Covering Scientific & Technical AI | Sunday, December 22, 2024

Cleanlab Launches New Solution to Detect AI Hallucinations in Language Models 

SAN FRANCISCO, April 25, 2024 -- Cleanlab today launched the Trustworthy Language Model (TLM), a fundamental advance in generative AI that the company says can detect when large language models (LLMs) are hallucinating. Steven Gawthorpe, PhD, Associate Director and Senior Data Scientist at Berkeley Research Group, called the Trustworthy Language Model “the first viable answer to LLM hallucinations that I've seen.”

Generative AI is poised to transform every industry and profession, but it faces a major challenge in “hallucinations,” when LLMs generate incorrect or misleading results. A given LLM response might sound convincing. But is it correct? Is it based in reality? LLMs offer no way to be sure. This makes automating sensitive tasks with generative AI all but impossible.

The lack of trust is the major obstacle to business adoption of LLMs. Billions of dollars of productivity gains are locked up behind this dilemma. Cleanlab is the first to crack it.

Cleanlab’s TLM combines world-class uncertainty estimation, auto-ML ensembling and quantum information algorithms repurposed for general computing to add trust to generative AI. Its API wraps around any LLM, producing a reliable trustworthiness score for every response.

In industry-standard benchmarks for LLM reliability, the TLM beats other methods across the board. It delivers performance that’s not just superior, but consistently superior, giving businesses the confidence to rely on generative AI for important jobs.

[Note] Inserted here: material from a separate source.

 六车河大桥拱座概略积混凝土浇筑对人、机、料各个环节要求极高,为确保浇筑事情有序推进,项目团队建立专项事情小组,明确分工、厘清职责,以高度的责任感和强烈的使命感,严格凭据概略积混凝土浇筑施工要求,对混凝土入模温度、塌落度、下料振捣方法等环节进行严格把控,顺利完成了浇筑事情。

For example, businesses can use the TLM to automate customer refunds, bringing a human reviewer into the loop whenever an LLM’s response falls below a predetermined level of trustworthiness.

“Cleanlab’s TLM gives us the power of thousands of data scientists to enrich data and strengthen LLM outputs, providing 10x to 100x ROI for many of our clients. Compared to what Cleanlab is doing, other tools aren't even on the same playing field,” Gawthorpe said.

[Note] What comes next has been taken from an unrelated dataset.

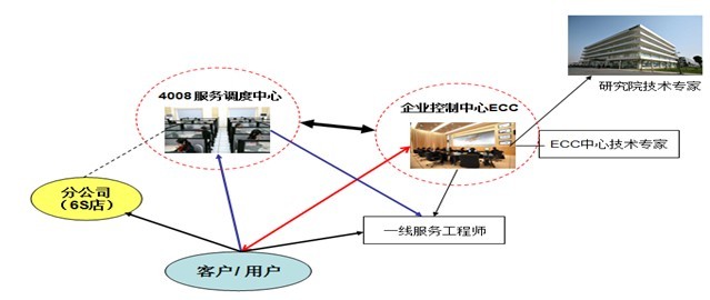 特別要提的一點(diǎn)是,三一花巨資精心打造的企業(yè)控制中心(ECC),由智能設(shè)備管理系統(tǒng)、服務(wù)管理系統(tǒng)、運(yùn)營(yíng)控制平臺(tái)構(gòu)成,運(yùn)用了人工智能GPS、GIS遙感技術(shù)及流媒體等最新技術(shù),改變了業(yè)界客戶直接求助一線工程師的傳統(tǒng)模式,創(chuàng)造性的實(shí)現(xiàn)了天地人合一,一、二、三線服務(wù)工程師和技術(shù)專家的協(xié)調(diào)服務(wù)體系?!疽?jiàn)下圖:三一重工的服務(wù)網(wǎng)絡(luò)架構(gòu)】

“Cleanlab’s TLM is a truly pioneering solution for effectively addressing hallucinations,” added Akshay Pachaar, AI Engineer at Lightning.ai. “The integration of Cleanlab’s trustworthiness scores transforms human-in-the-loop workflows, enabling up to 90% automation. It not only conserves hundreds of manpower hours weekly but augments our efficiency in processing substantial datasets for data enrichment, document and chat-log analysis and other large-scale tasks. It has the potential to revolutionize how we manage and derive value from data.”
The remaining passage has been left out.